Il transfert rappresenta una condizione nella quale una persona vede alcune delle sue relazioni interpersonali attraverso le lenti delle sue esperienze infantili. In altre parole, gli individui vedono i loro amici, i loro bambini, i loro superiori sul lavoro o il loro terapeuta non come questi sono realmente, bensì come se questi fossero il genitore che li ha, ad esempio, rifiutati, ignorati, criticati o umiliati. Essi trasferiscono i ricordi repressi di quello che è stato loro fatto nel passato sulle persone che fanno parte della loro vita presente.
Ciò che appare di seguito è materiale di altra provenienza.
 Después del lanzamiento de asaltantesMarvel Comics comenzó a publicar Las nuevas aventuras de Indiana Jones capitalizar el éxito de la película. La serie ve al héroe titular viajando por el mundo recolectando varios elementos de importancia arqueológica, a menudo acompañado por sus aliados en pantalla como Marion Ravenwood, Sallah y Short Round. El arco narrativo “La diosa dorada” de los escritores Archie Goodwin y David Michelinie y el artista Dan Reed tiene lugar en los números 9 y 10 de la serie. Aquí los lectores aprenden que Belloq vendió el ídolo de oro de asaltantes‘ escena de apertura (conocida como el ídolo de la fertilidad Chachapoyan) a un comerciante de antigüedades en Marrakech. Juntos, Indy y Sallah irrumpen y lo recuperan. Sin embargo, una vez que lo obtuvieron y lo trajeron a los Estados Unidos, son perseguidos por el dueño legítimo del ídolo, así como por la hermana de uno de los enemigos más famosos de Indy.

Wilhelm Reich, vissuto dal 1897 al 1957, fu paziente ed allievo di Freud. Mentre Freud poneva attenzione soltanto alla produzione verbale dei pazienti, Reich introdusse nella psicoanalisi anche l'osservazione del corpo, come l'espressione degli occhi e del viso, la qualità della voce e i vari tipi di tensioni muscolari. Descrisse per primo quello che noi oggi chiamiamo linguaggio del corpo. Nello stesso modo in cui Freud notò una spaccatura fra memoria conscia ed inconscia, Reich notò una scissione fra le varie espressioni del corpo. Per esempio, una persona può ridere ma non essere consapevole che l'espressione del suo viso è triste. Può dire parole gentili, ma non rendersi conto che i suoi occhi sono pieni di risentimento o che la sua bocca ha una espressione negativa.
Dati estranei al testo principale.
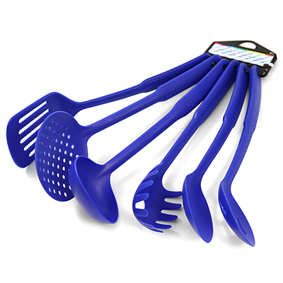 Кухонный набор пл 6пр (ложка,лож с проре,лоп с прорез,лож д/спаг,полов,шумовка) для тефлона синий (ДМ)

Reich osservò che, appena questi pazienti iniziavano la terapia, le tensioni muscolari cambiavano. Le spalle e le braccia della persona depressa si rilassavano, le mascelle diventavano meno contratte e i denti meno serrati. La ragione per cui il paziente frenava gli impulsi e reprimeva i ricordi dolorosi era, in primo luogo, per evitare di mostrarsi vulnerabile. Quindi, allentando le tensioni muscolari croniche, il paziente sperimentava la propria vulnerabilità. Serrando la bocca e i denti egli assumeva un'espressione corporea che diceva: "Non voglio aprirmi per non essere ferito di nuovo".
Reich sperimentò come rilassare i muscoli cronicamente tesi mediante la pressione diretta su di loro e scoprì che funzionava. In questo modo il paziente poteva entrare in contatto con emozioni forti e a lungo dimenticate e con ricordi dolorosi. L'unità di mente, corpo ed emozioni divenne più chiara.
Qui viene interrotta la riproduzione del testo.